Washington: The Islamic State group’s finance chief has been confirmed killed in a coalition air strike last month, US officials said Thursday.
Abu Saleh was killed in late November, US military spokesman Colonel Steve Warren said in a videoconference from Baghdad, calling him “one of the most senior and experienced members” of the group’s financial network.
The US government’s envoy for the anti-IS fight, Brett McGurk, said on Twitter that Abu Saleh was killed along with two associates “as part of coalition campaign to destroy ISIL’s financial infrastructure,” describing him as the group’s “finance minister.”
Abu Saleh’s real name is Muwaffaq Mustafa Muhammad al-Karmush, described in a State Department terrorist blacklist as a 42-year-old Iraqi.
“Killing him and his predecessors exhausts the knowledge and talent needed to coordinate funding within the organization,” Warren said.
The military spokesmen said two other figures in IS fundraising networks also were killed in coalition air strikes in late November.
They were identified as Abu Mariam, an enforcer and senior leader in IS extortion networks, and Abu Waqman al-Tunis, who Warren said coordinated IS’s transfer of people, weapons and information.
Abu Mariam appears on the State Department terrorist list as Mounir Ben Dhaou Ben Brahim Ben Helal, a 32-year-old Tunisian.

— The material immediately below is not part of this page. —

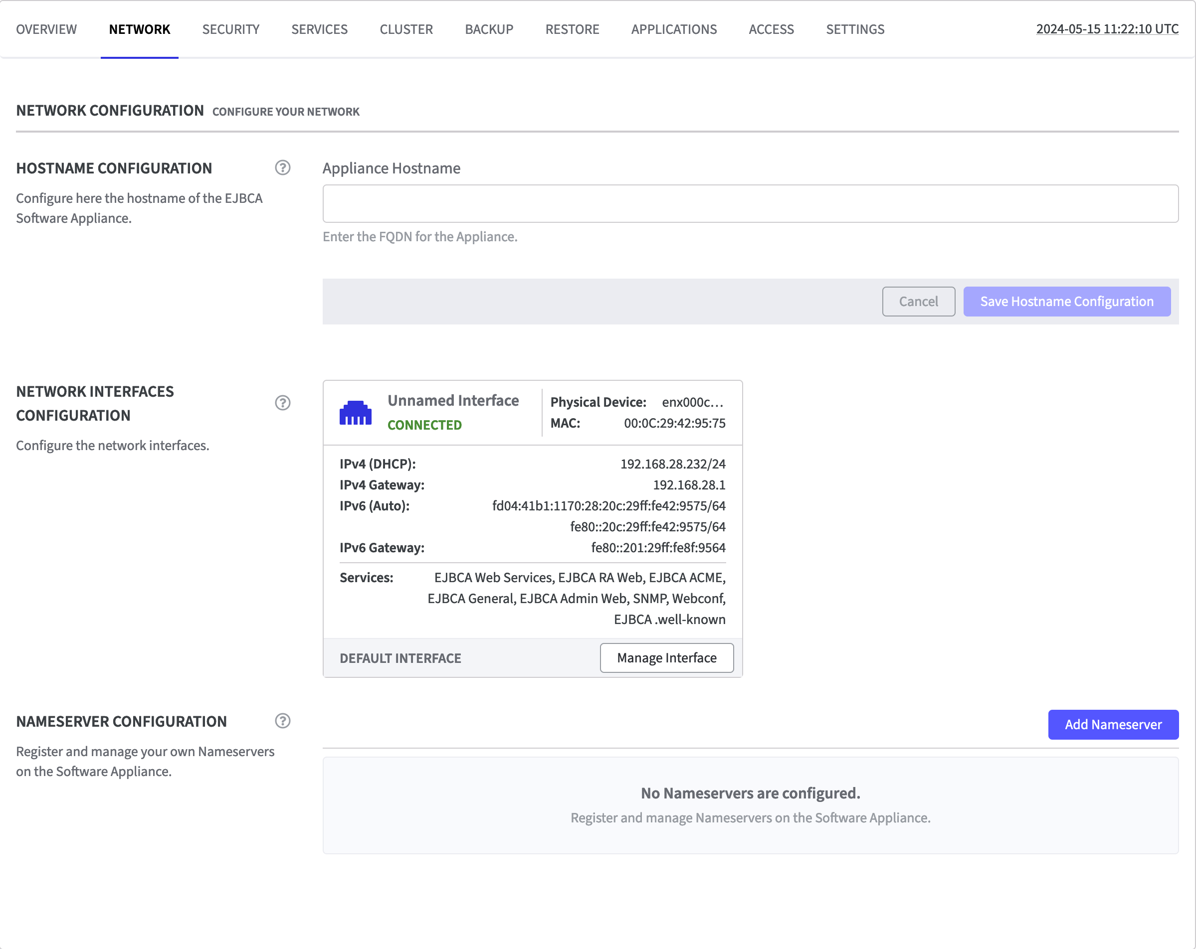 It is possible to configure a Hostname for the Software Appliance.

The US-led coalition has been targeting IS leaders in Syria and Iraq with air strikes to try to pick apart its command structure.

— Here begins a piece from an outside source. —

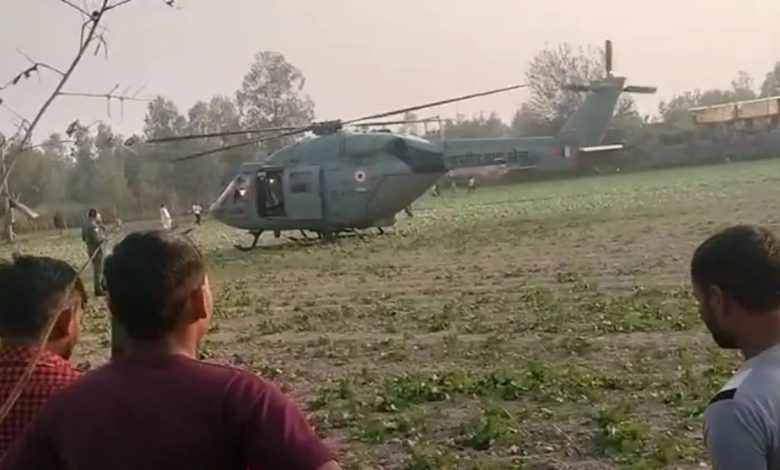 तकनीकी खराबी के बाद खेत में उतरा एयरफोर्स हेलीकॉप्टर, ग्रामीणों में अफरा-तफरी

After the attacks in Paris last month, the United States said it is deploying a special operations unit in Iraq that will be able to mount raids into Syria to capture or kill IS leaders.

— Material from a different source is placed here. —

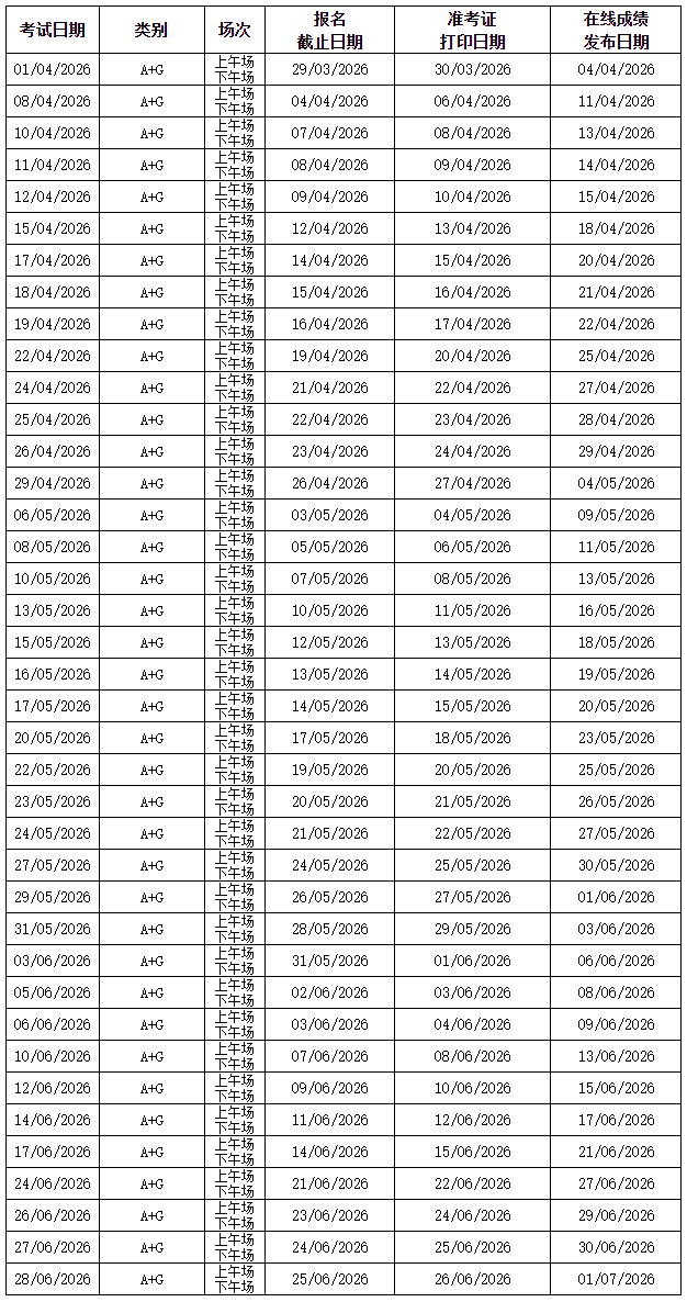 2026年4-6月用于英国签证及移民的雅思机考 报名截止日期、准考证打印日期和成绩单寄送日期

“We want this expeditionary targeting force to make ISIL and its leaders wonder when they go to bed at night, who’s going to be coming in the window,” US Defense Secretary Ashton Carter told a Senate hearing on Wednesday.
In London, the US Treasury’s acting under secretary for terrorism and financial crimes, Adam Szubin, said IS derives most of its funding from economic activity in the territory it controls.
It has reaped more than $500 million in black market oil sales, looted bank vaults captured in Iraq and Syria, and raised millions more through extortion.
But to run what amounts to a mini-state, it needs steady and renewable sources of funding, and to do that it needs access to the international financial system to move money and import supplies, according to Szubin.
“We are targeting both of these dependencies — ISIL’s ability to generate revenue, and its ability to use that revenue,” he said in a speech to the Chatham House think tank.
“Most recently, the coalition launched a military campaign — Tidal Wave 2, which included precision strikes against ISIL’s key energy assets: oil fields, refineries, and tanker trucks.
“We believe these airstrikes are markedly degrading one of ISIL’s most important sources of funding,” he said.